• [Records for the task]
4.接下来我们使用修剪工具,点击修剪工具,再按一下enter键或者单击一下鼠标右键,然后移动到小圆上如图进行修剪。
==
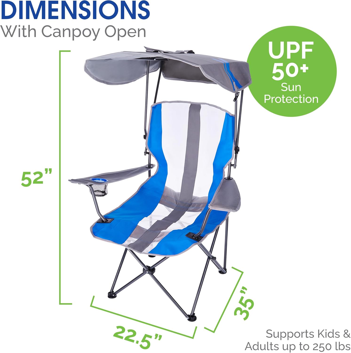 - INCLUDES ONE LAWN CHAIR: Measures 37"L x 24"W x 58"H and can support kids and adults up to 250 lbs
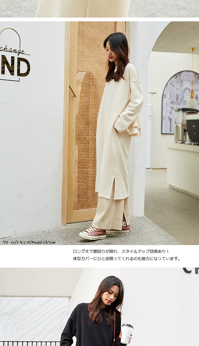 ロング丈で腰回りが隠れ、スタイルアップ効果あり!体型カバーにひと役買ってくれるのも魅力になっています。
==
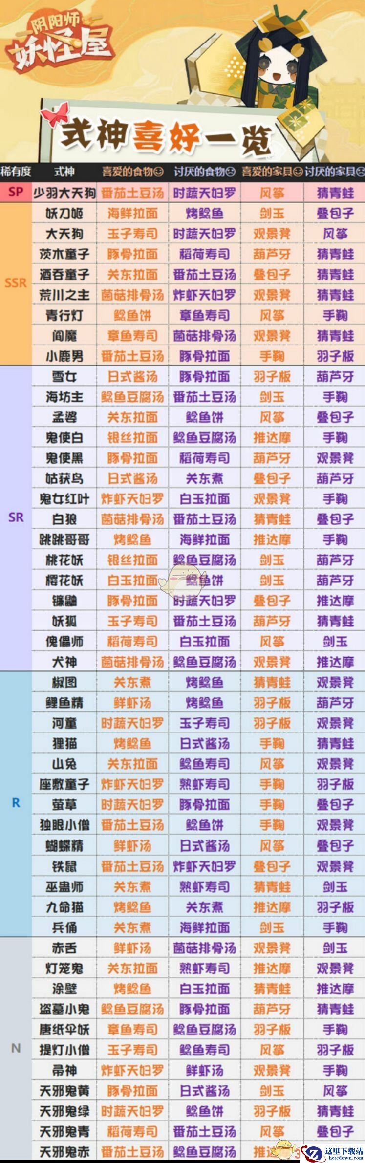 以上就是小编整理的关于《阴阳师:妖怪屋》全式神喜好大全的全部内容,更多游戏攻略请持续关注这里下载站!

• [Activity] In the records above, find the line with "- INCLUDES ONE" and the line with "ロング丈で腰回りが隠れ、スタ"; please transcribe exactly those two lines and all lines between them, omitting any picture.

• [Result of the exercise]
 - INCLUDES ONE LAWN CHAIR: Measures 37"L x 24"W x 58"H and can support kids and adults up to 250 lbs
 ロング丈で腰回りが隠れ、スタイルアップ効果あり!体型カバーにひと役買ってくれるのも魅力になっています。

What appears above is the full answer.